When an action is triggered:
1. Spark's DAG Scheduler analyzes the lineage of transformations
2. It creates an optimized physical execution plan
3. The plan is divided into stages based on shuffle boundaries
4. Stages are broken into tasks (one per partition)
5. Tasks are distributed to executors for parallel execution
6. Results are collected or written as specified

### 4. What is an RDD? Why are immutability and partitioning important in Spark's design?

**RDD (Resilient Distributed Dataset)** is Spark's fundamental data abstraction - a fault-tolerant collection of elements that can be operated on in parallel.

**Immutability importance**:
- Enables safe parallel processing without locks or synchronization
- Supports fault tolerance through lineage - if a partition is lost, it can be recomputed from the original transformation chain
- Allows Spark to cache intermediate results safely
- Simplifies reasoning about distributed computations

**Partitioning importance**:
- Enables parallel processing - each partition can be processed independently on different nodes
- Controls data distribution across the cluster
- Affects performance - proper partitioning minimizes data shuffling
- Determines the level of parallelism in computations

### 5. Explain the execution hierarchy in Spark: Application → Job → Stage → Task. What determines stage boundaries?

**Execution Hierarchy**:
- **Application**: A complete Spark program with its own driver and executors
- **Job**: Triggered by each action; represents all work needed to compute that action's result
- **Stage**: A set of tasks that can run in parallel without shuffling data; jobs are divided into stages
- **Task**: The smallest unit of work; one task processes one partition within a stage

**Stage boundaries are determined by**:
- **Shuffle operations** (wide transformations) like `groupBy()`, `reduceByKey()`, `join()`, `repartition()`
- When data needs to be redistributed across partitions, Spark must complete all tasks in one stage before starting the next
- Each shuffle creates a new stage boundary because all map-side tasks must finish before reduce-side tasks can begin

### 6. What is the difference between narrow and wide transformations? Why are wide transformations usually more expensive?

**Narrow Transformations**:
- Each input partition contributes to at most one output partition
- No data shuffling required
- Examples: `map()`, `filter()`, `flatMap()`, `union()`
- Can be pipelined together in a single stage

**Wide Transformations**:
- Input partitions contribute to multiple output partitions
- Require data shuffling across the network
- Examples: `groupByKey()`, `reduceByKey()`, `join()`, `repartition()`
- Create new stage boundaries

**Why wide transformations are more expensive**:
- **Network I/O**: Data must be transferred between executors across the cluster
- **Disk I/O**: Shuffle data is often written to disk as intermediate storage
- **Synchronization**: All tasks in the previous stage must complete before the next stage can begin
- **Serialization overhead**: Data must be serialized for transfer and deserialized on receipt

### 7. Explain the roles of Driver and Executor. What kind of work happens on each side?

**Driver**:
- The main control process that runs the user's main() function
- Responsibilities:
  - Creates SparkContext/SparkSession
  - Converts user code into a DAG of tasks
  - Schedules tasks on executors
  - Coordinates job execution
  - Collects results from executors
  - Maintains metadata about the application
- Runs on: A single node (master node or client machine)

**Executor**:
- Worker processes that run on cluster nodes
- Responsibilities:
  - Execute tasks assigned by the driver
  - Store data in memory or disk for caching
  - Return computed results to the driver
  - Report task status and metrics back to driver
- Runs on: Multiple worker nodes (one or more executors per node)

### 8. What is the Medallion Architecture (Bronze, Silver, Gold)? What type of data and logic belongs in each layer?

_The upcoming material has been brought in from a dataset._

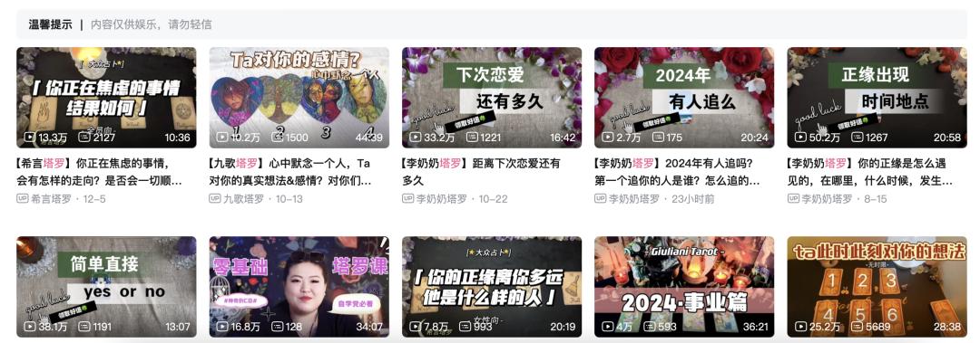 世超时不时,也会在平台上刷到一些塔罗牌分析的视频。

**Medallion Architecture** is a data design pattern that organizes data into three layers based on quality and refinement level.

**Bronze Layer (Raw)**:
- Raw, unprocessed data exactly as ingested from sources
- Maintains original format and schema
- Logic: Minimal - just ingestion, timestamp addition, source tracking
- Purpose: Data lineage, reprocessing capability, audit trail

**Silver Layer (Cleaned/Conformed)**:
- Cleaned, validated, and standardized data
- Deduplication applied, data types enforced
- Logic: Data quality checks, schema enforcement, joins with reference data, business rules validation
- Purpose: Create a reliable, consistent dataset for analysis

**Gold Layer (Business-Level Aggregates)**:
- Aggregated, business-ready data optimized for consumption
- Dimensional models, KPIs, metrics
- Logic: Business aggregations, summary calculations, reporting transformations
- Purpose: Power dashboards, reports, ML features, and business analytics

### 9. Explain SCD Type 0, Type 1, and Type 2 in simple terms. When would you choose each one?

**SCD (Slowly Changing Dimension)** strategies handle how to track changes in dimension data over time.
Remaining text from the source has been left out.